2.3 Comparison: `while_loop` vs `bounded_while_loop`#

Use while_loop when:

Number of iterations is truly unknown
Not computing gradients
Want standard JAX while loop semantics

Use bounded_while_loop when:

Need gradient computation
Want safety against infinite loops
Can provide reasonable upper bound on iterations
Need predictable compilation characteristics

3. Conditional Control Flow#

Conditional primitives enable branching logic that compiles efficiently and handles state properly.

3.1 `cond`: Binary Conditional (If/Else)#

cond selectively executes one of two branches based on a boolean predicate. This is the stateful version of jax.lax.cond.

Function signature:

cond(
    pred,
    true_fun: Callable,
    false_fun: Callable,
    *operands
)

Parameters:

pred: Boolean scalar (or numeric, where non-zero is True)
true_fun: Function called when pred is True
false_fun: Function called when pred is False
*operands: Arguments passed to the selected function

Key properties:

Only the selected branch is executed (lazy evaluation)
Both branches must return the same pytree structure
State modifications in branches are properly tracked

# Example 1: Simple conditional
def positive_branch(x):
    return x ** 2


def negative_branch(x):
    return -x


for value in [-5.0, 3.0, 0.0]:
    result = cond(value >= 0, positive_branch, negative_branch, value)
    print(f"cond({value} >= 0): {result}")

cond(-5.0 >= 0): 5.0
cond(3.0 >= 0): 9.0
cond(0.0 >= 0): 0.0

# Example 2: Stateful conditional
class BranchTracker(brainstate.nn.Module):
    """Track which branches were taken."""

    def __init__(self):
        super().__init__()
        self.true_count = brainstate.ShortTermState(jnp.array(0))
        self.false_count = brainstate.ShortTermState(jnp.array(0))

    def true_branch(self, x):
        self.true_count.value = self.true_count.value + 1
        return x * 2

    def false_branch(self, x):
        self.false_count.value = self.false_count.value + 1
        return x / 2


tracker = BranchTracker()

# Test multiple values
values = jnp.array([1.0, -2.0, 3.0, -4.0, 5.0])
results = []

for v in values:
    result = cond(v > 0, tracker.true_branch, tracker.false_branch, v)
    results.append(result)

print("Values:", values)
print("Results:", jnp.array(results))
print(f"\nBranch statistics:")
print(f"  True branch taken: {tracker.true_count.value} times")
print(f"  False branch taken: {tracker.false_count.value} times")
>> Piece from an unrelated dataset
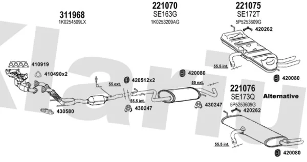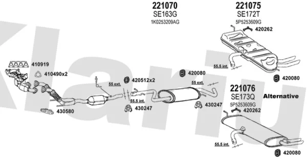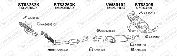 SEAT ALTEA XL (5P5, 5P8) 2.0 FSI - Výfukový systém - kompletní od 10/2006 do 3/2009, 1984 ccm, 110 kW, 150 hp, BVY, BVZ, velkoprostorová limuzína
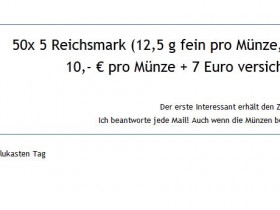 Falls doch, habe ich ja für diesen Zweck extra meine Reichsmark, sowie halbe-Mark-Stücke.

Values: [ 1. -2.  3. -4.  5.]
Results: [ 2. -1.  6. -2. 10.]

Branch statistics:
  True branch taken: 3 times
  False branch taken: 2 times

# Example 3: Nested conditionals
class Classifier(brainstate.nn.Module):
    """Classify numbers into categories."""

    def __init__(self):
        super().__init__()
        self.classification_counts = brainstate.ShortTermState({
            'large_positive': jnp.array(0),
            'small_positive': jnp.array(0),
            'small_negative': jnp.array(0),
            'large_negative': jnp.array(0),
        })

    def classify_positive(self, x):
        def large(x):
            counts = self.classification_counts.value
            counts['large_positive'] = counts['large_positive'] + 1
            self.classification_counts.value = counts
            return 'large_positive'

        def small(x):
            counts = self.classification_counts.value
            counts['small_positive'] = counts['small_positive'] + 1
            self.classification_counts.value = counts
            return 'small_positive'

        return cond(x > 5.0, large, small, x)

    def classify_negative(self, x):
        def small(x):
            counts = self.classification_counts.value
            counts['small_negative'] = counts['small_negative'] + 1
            self.classification_counts.value = counts
            return 'small_negative'

        def large(x):
            counts = self.classification_counts.value
            counts['large_negative'] = counts['large_negative'] + 1
            self.classification_counts.value = counts
            return 'large_negative'

        return cond(x > -5.0, small, large, x)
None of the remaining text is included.